By 1943, however, when Rickey left the Cardinals to take over the reins of the Dodgers, the farm system no longer provided such a competitive edge due to the simple fact that Rickey had been so successful with it in St. Louis that by now many teams were at least rudimentarily following his lead. Although the Dodgers reached the World Series as recently as 1941, Rickey’s keen eye for talent recognized the reality that the team was an old one and on the verge of collapse. What was needed was an overhaul of the entire organization. The farm system would have to be rebuilt and restocked but that would only bring the organization so far. Rickey realized that in order for the Dodgers to outrun their competitors in the National League on the field, he would have to outsmart his adversaries in the talent acquisition game.
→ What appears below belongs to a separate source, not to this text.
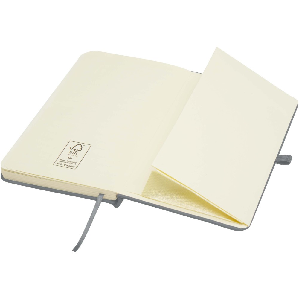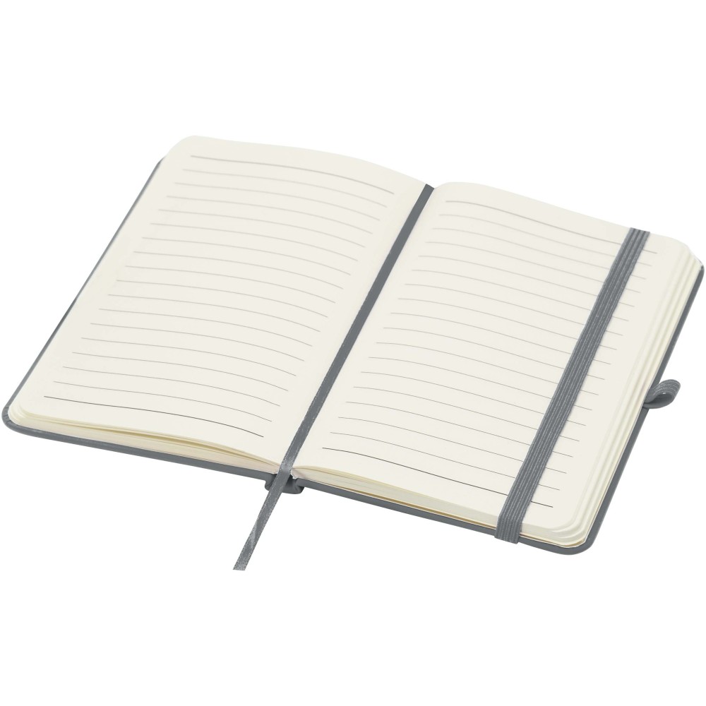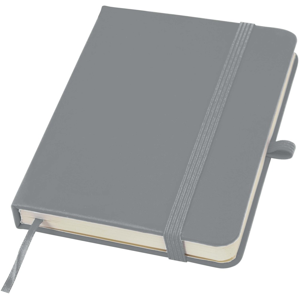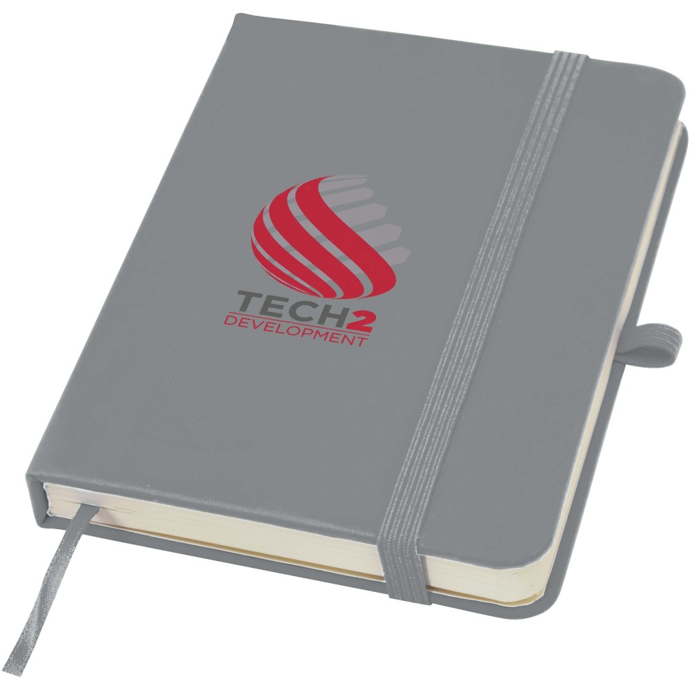 A Spectrum Plus A6 keményfedeles jegyzetfüzet lekerekített sarkokkal nemcsak az irodai mindennapok elengedhetetlen kelléke, hanem remek lehetőség márkád népszerűsítésére is. A jegyzetfüzet puha tapintású borítóval rendelkezik és 80 vonalas, krémszínű, 70 g/m2-es lapból áll, amely tökéletes gyors ötletek vagy hosszabb jegyzetek rögzítésére. A jegyzetfüzet tolltartó hurokkal, gumiszalagos záródással, könyvjelzővel és harmonikazsebbel van ellátva. Emblémázás: Tamponnyomás

The farm system no longer gave him a leg up; a rebuilt one would, at best, put him on equal footing with his rivals. What he needed was something different, some new source of talent untapped by anyone else.
Shortly after arriving in Brooklyn, Rickey received permission from the team’s directors to start scouting Black talent. Initially, Rickey had considered Latin American players but abandoned this idea due to the perceived obstacles faced by players who would have to overcome both a language as well as a racial barrier (although he would return to the Latin American talent pool later in his career with the Pirates). Once his focus became clear, Rickey was single-minded in his pursuit. “The greatest untapped reservoir of raw material in the history of the game is the Black race!” he said in 1945. In this regard, his pursuit satisfied his passion for a competitive edge. And, if he could convince the public that these talented Black players, currently being developed in the Negro leagues, were not under contract to their teams, they would be available to him virtually free of charge, thereby satisfying his frugal itch as well.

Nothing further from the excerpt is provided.